Hoover, the mother of three young boys took a few minutes from her hectic schedule to answer some questions about her whirlwind life.
News-Telegram: You've been riding a wave of popularity for some time. How has it changed your daily life? Your writing life?
Colleen Hoover: It's been overwhelming for sure.
I released my third book, “Hopeless,” in December and after it hit #1 on The New York Times, things have really picked up.
I've been doing a lot of interviews and traveling, so it's left little time for writing.
I hired someone to help me on a full-time basis last week and it's already made a huge difference, so I'm hoping to be able to block off writing time in the next few months.
N-T: It must really be exciting to get to meet people who have made the trip specifically to meet you/get a book signed.
CH: I had a book signing in Fairview two weeks ago. After being contacted by ABC's Nightline for an interview, their production team decided to come to the signing. That experience was incredible. There were so many people who showed up.
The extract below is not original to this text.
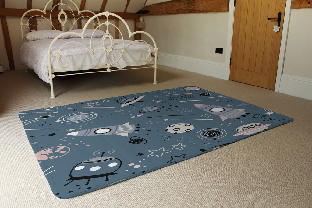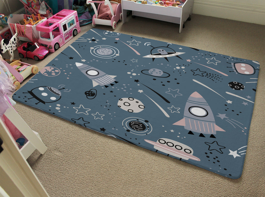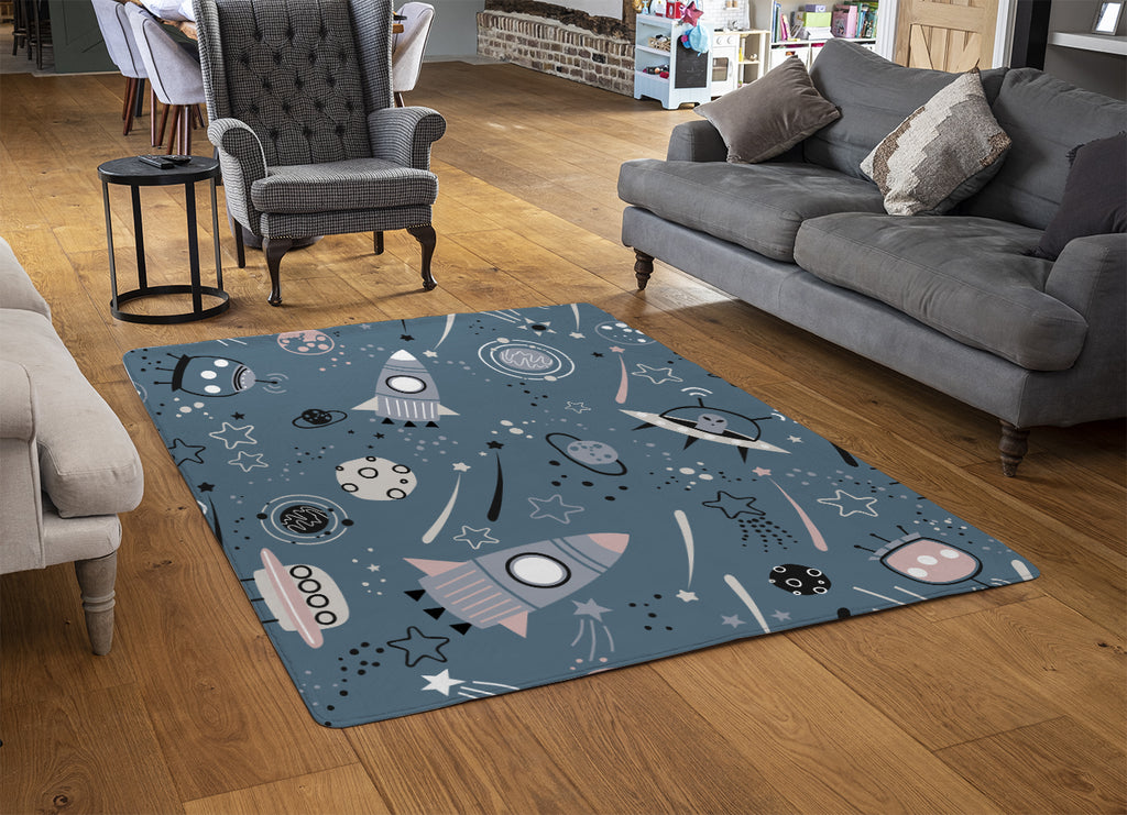 spaceships and planets with stars (Rug)

One person flew in all the way from Canada.
N-T: Have you been on a full blown book tour? If so, how did it go? How long were you out? Did you enjoy the travel? Was there much difference in audiences as you moved from city to city?
CH: My situation is a little different since I have both traditionally and self-published books.
I schedule a few on my own and then also attend signings set up through Simon & Schuster.
I've never had the opportunity to travel much, so the past few months have been a lot of fun. I've been to New York City, Denver, Minnesota, Florida and Connecticut – all between October and September.
I'm usually only gone weekends when I do have a signing, so I have plenty of time to recoup between events.
This year I'm hoping to take my boys with me to a few so we can make vacations out of them. They've never been on an airplane before.
N-T: You have a publisher and a movie deal, right? How does that make you feel?
CH: I didn't publish my first book until January of last year, so it's only been a year. I'm still wrapping my mind around all that's happened. It's been a surreal experience and I'm trying to enjoy every moment of it while it lasts.
N-T: What’s it like working with Simon & Schuster? Do they give you a lot of editorial advice?
CH: I signed my first two books with Simon & Schuster, but decided to self-publish my recent release, “Hopeless.” I enjoy aspects of both traditional publishing and self-publishing and feel I may make different decisions based on each novel.
I recently submitted a manuscript that ties into one of the books they've already bought rights to, so that one I will publish through S&S again.
I love working with them and my editor is amazing.
I was lucky in that I didn't have to go through re-writes with the books, since they had been released before they were picked up by the publisher.
I have a feeling the manuscript I just submitted will be a different story since it hasn't been in the hands of readers yet.
N-T: How did you "get the word out" about your books when you first started? You used a lot of social media, right?
CH: I used Facebook and Twitter, like most other self-published authors.
I can't say what helped my books garner as much of a following as they've had . . . maybe it's a combination of word of mouth and luck?
Whatever it is, I couldn't be more grateful to the readers who have supported me.
N-T: What advice would you give to a fledgling writer who wants to self-publish, as you did?
CH: Google was my best friend. I knew nothing about the publishing industry a little over a year ago. I researched every single aspect of it that I could find. The answers to every question an author has ever had can be found in writer's forums, etc. It takes a lot of work and time, but if you really want to make this a career the effort will pay off.
N-T: Is life better with or without a literary agent?
CH: I guess it depends on the author. I have a wonderful agent, Jane Dystel of Dystel and Goderich Literary Management out of NYC.
I know for a fact that I couldn't have negotiated the deals she was able to negotiate. She knows the business and has been doing this for years, so to me the agent fee is minimal compared to what they can do for you.
N-T: Did you retain any creative control over the Hollywood process?
CH: I don't have any control. When an author signs over their rights to a producer, it's standard to sign over the creative rights for the screenplay. Unless you are someone huge like EL James or Stephanie Meyer, you don't really have say-so when it comes to movie details.
N-T: What's next for you?
CH: Next week The Associated Press is coming to my house for an interview.
After that I'll be doing a panel for Amazon at SXSW in Austin.
In between, I have signings scheduled every month through the end of the year, so I'll be doing my best to sneak in time to write.
As soon as Hoover finished the interview, she was out the door to take her son to the orthodontist in Tyler. That’s life on the go for the busy wife, mom and up and coming author.